We are performing daily screens of individual genes from the SARS-CoV-2 genomes from GISAID to keep track of variants that may be positively or negatively selected. This analysis is for the current human pandemic viruses (it does not consider selection during zoonosis or in other species; there are plenty other studies that have done it).

Given the rate of sequencing, this is a unique opportunity to see if any of these analyses have utility in identifying potentially interesting sites; whereas traditionally they are used to examine evolution retrospectively.

At the moment it appears that (as expected) there is not a whole lot going on, with many “high diversity” sites like S D614 not showing much signal for positive selection.
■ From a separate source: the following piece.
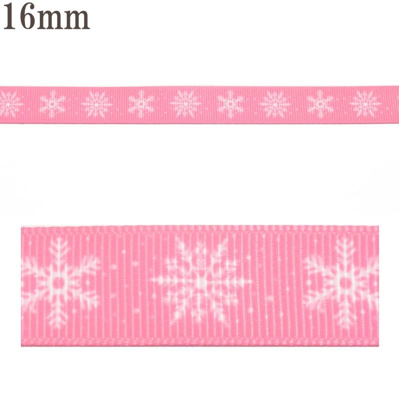 プリントリボン クリスマス ホットピンクと雪の結晶リボン 幅16mm 1m単位 切り売り (4m以上)
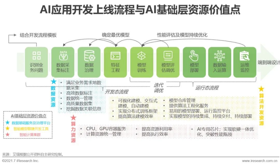 根据艾瑞2020年执行的CTO调研,2019年超过51%的样本企业AI相关研发费用占总研发费用比重在10%以上,2020年65.9%的企业AI研发占比达到10%以上。一方面是甲方企业不断增长的对智能化转型的强劲需求,一方面则是在AI应用开发与部署过程中企业普遍面临的数据质量(49%)、技术人才(51%)等基础资源配置难点。且目前只有少数企业可以完成AI项目实施前设定的全部投资回报率(ROI)标准,因此甲方企业在投资AI项目时相对审慎。AI基础层资源则可有效缓解甲方利用AI技术重塑自身业务时的投资矛盾,提升模型生产效率,降低部署成本:数据资源集群具备数据采标与数据治理能力,且一站式的数据平台可对实时数据进行统一管理,提高数据利用率;高效的AI算力集群与调度系统可满足模型训练与推理需求,降低总拥有成本(TCO,TotalCost of Ownership);基于算法开发平台演化出的语音识别、计算机视觉、机器学习等专业的AI模型生产平台,可提供高效、一站式的AI模型生产服务。

There are few potential interesting sites where frequencies are increasing over time and sequences with variants are not in a single tree clade (see http://covid19.datamonkey.org and https://observablehq.com/@spond/natural-selection-analysis-of-sars-cov-2-covid-19), or something else is going on ( nsp2 T85I, nsp13 P504L, spike S943P/T).

We are also working with @anekrut on parallel comprehensive analysis of intra-host variation from NGS data and linking the two levels of analysis (some of it is already there).

April 1st update.

SEVEN (maybe eight) sites currently showing some evidence of selection

  • S D614G : has some reversions, toggle-like behavior; HLA/CTL?
  • ORF3a Q57H : additional line of evidence – intrahost NGS variation data
  • ORF8 84L/S : may be toggling
  • ORF1a T265I (nsp2 T85I) : late and multiple introductions (high frequency)
  • ORF1a L960F (nsp3 L142F) : late and multiple introductions (low frequency)
  • ORF1a L3606F (nsp6 L37F) : additional line of evidence – intrahost NGS variation data
  • ORF1b T1729I (exonuclease T206I) : late and multiple introductions (low frequency)
  • (Maybe) ORF1a L1599F (nsp3 L781F) : this variant appears to have gone extinct

Details at http://covid19.datamonkey.org/2020/04/01/covid19-analysis/

1 Like

April 5th update.

To facilitate interpretation, added a simple 5-category scoring system for sites, and some ways to summarize data in geographic format.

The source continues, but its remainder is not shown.